▸ Your task
Write out again, exactly as they appear, the lines from the start of the data below through the line with "Organic Garbanzo Flour, Organic"; no pictures.
(Data provided Opens)
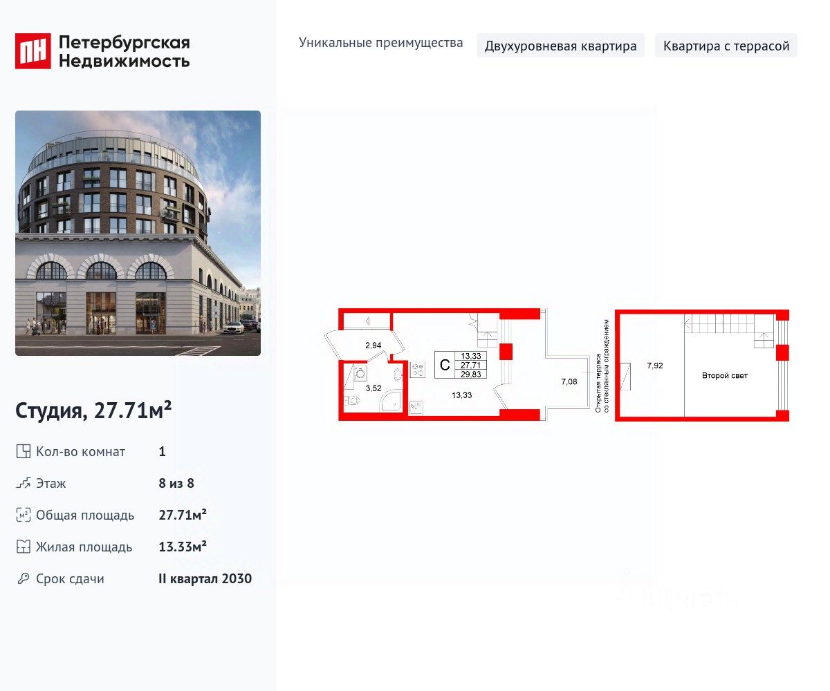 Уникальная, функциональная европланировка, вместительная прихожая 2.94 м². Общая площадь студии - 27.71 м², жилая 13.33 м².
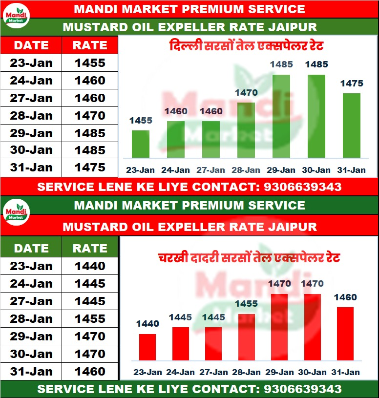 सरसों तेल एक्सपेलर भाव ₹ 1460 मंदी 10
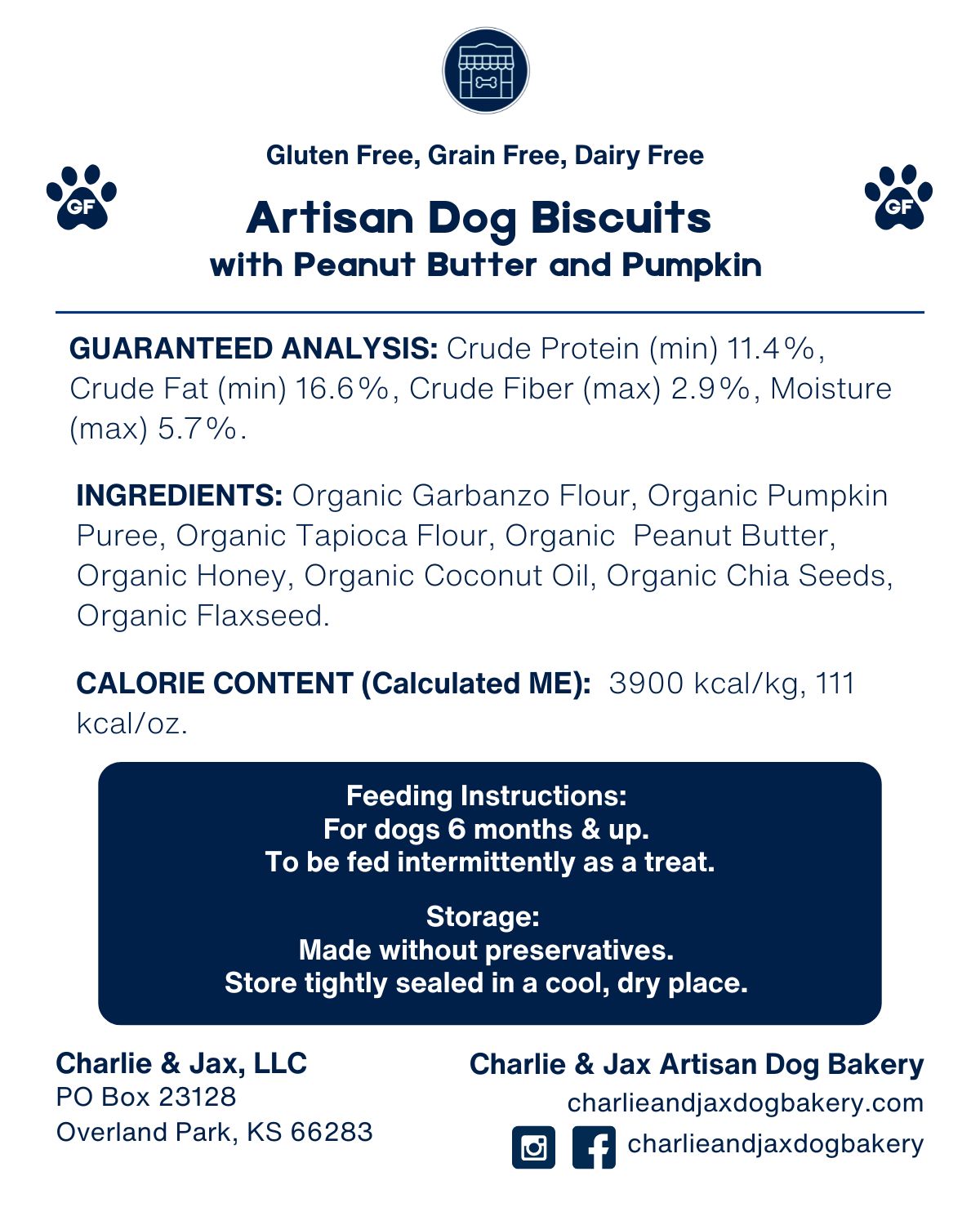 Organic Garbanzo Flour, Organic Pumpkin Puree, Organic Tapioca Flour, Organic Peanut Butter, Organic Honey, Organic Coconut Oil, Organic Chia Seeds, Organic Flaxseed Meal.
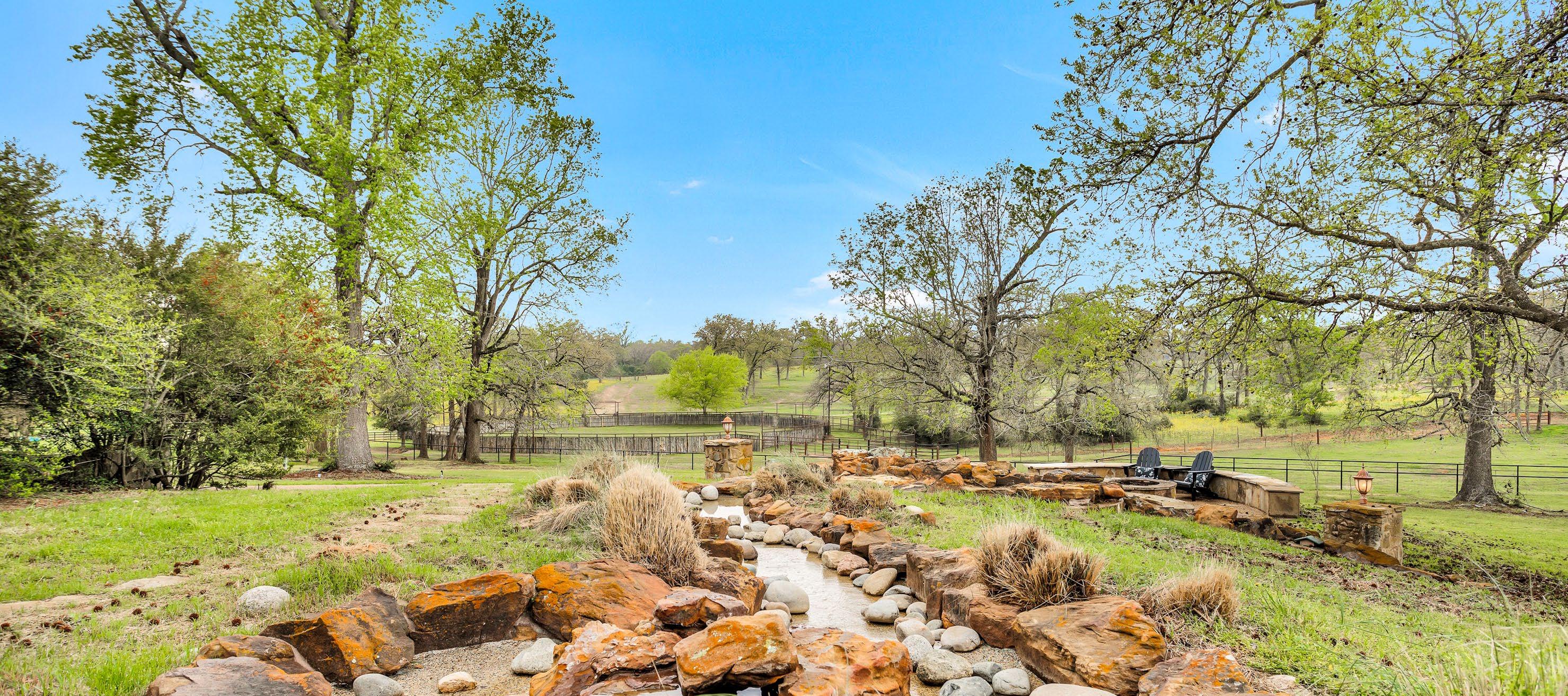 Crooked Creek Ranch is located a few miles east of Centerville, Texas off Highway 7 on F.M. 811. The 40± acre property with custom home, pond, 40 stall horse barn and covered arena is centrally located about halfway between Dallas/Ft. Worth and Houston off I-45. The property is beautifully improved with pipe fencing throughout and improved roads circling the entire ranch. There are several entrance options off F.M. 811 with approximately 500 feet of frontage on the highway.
(Data provided Closes)
▸ Solution below
 Уникальная, функциональная европланировка, вместительная прихожая 2.94 м². Общая площадь студии - 27.71 м², жилая 13.33 м².
 सरसों तेल एक्सपेलर भाव ₹ 1460 मंदी 10
 Organic Garbanzo Flour, Organic Pumpkin Puree, Organic Tapioca Flour, Organic Peanut Butter, Organic Honey, Organic Coconut Oil, Organic Chia Seeds, Organic Flaxseed Meal.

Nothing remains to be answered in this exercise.